> [Records for this task]:

[Start of section]

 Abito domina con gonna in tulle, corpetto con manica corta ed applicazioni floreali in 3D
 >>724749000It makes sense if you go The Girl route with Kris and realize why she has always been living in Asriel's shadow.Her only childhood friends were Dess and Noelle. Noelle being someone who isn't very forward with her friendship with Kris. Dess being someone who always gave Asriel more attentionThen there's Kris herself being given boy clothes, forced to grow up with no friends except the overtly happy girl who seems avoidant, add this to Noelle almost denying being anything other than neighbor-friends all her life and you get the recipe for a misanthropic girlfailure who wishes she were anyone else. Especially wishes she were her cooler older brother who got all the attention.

[End of section]
[Start of section]

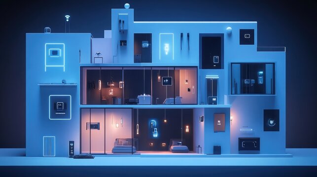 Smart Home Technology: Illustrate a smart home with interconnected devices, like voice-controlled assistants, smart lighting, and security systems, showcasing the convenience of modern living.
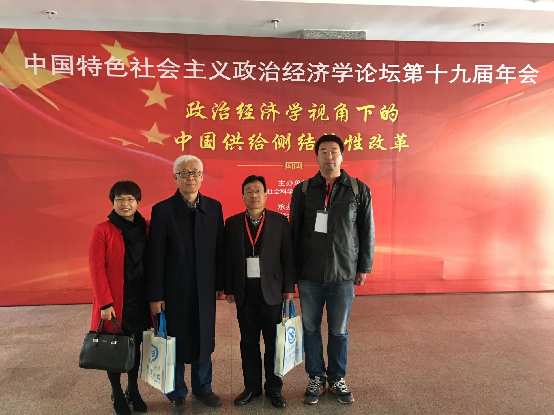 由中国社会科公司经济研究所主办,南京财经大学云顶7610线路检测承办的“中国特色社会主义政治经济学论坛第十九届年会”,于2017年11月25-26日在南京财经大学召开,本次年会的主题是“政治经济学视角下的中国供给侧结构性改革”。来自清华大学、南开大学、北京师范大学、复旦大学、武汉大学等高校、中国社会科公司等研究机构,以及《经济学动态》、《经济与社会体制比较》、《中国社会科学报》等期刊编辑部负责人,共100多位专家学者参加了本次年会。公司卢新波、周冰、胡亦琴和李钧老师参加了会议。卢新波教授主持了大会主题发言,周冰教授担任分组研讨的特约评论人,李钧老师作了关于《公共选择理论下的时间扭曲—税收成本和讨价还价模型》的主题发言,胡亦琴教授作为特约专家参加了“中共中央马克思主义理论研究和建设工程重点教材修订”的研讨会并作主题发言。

[End of section]

> [Task details]:
The output is the stretch above from the line with "Smart Home Technology: Illustrate" through the line with "由中国社会科公司经济研究所主", copied word for word with both ends kept and every picture dropped.

> [Your response]:
 Smart Home Technology: Illustrate a smart home with interconnected devices, like voice-controlled assistants, smart lighting, and security systems, showcasing the convenience of modern living.
 由中国社会科公司经济研究所主办,南京财经大学云顶7610线路检测承办的“中国特色社会主义政治经济学论坛第十九届年会”,于2017年11月25-26日在南京财经大学召开,本次年会的主题是“政治经济学视角下的中国供给侧结构性改革”。来自清华大学、南开大学、北京师范大学、复旦大学、武汉大学等高校、中国社会科公司等研究机构,以及《经济学动态》、《经济与社会体制比较》、《中国社会科学报》等期刊编辑部负责人,共100多位专家学者参加了本次年会。公司卢新波、周冰、胡亦琴和李钧老师参加了会议。卢新波教授主持了大会主题发言,周冰教授担任分组研讨的特约评论人,李钧老师作了关于《公共选择理论下的时间扭曲—税收成本和讨价还价模型》的主题发言,胡亦琴教授作为特约专家参加了“中共中央马克思主义理论研究和建设工程重点教材修订”的研讨会并作主题发言。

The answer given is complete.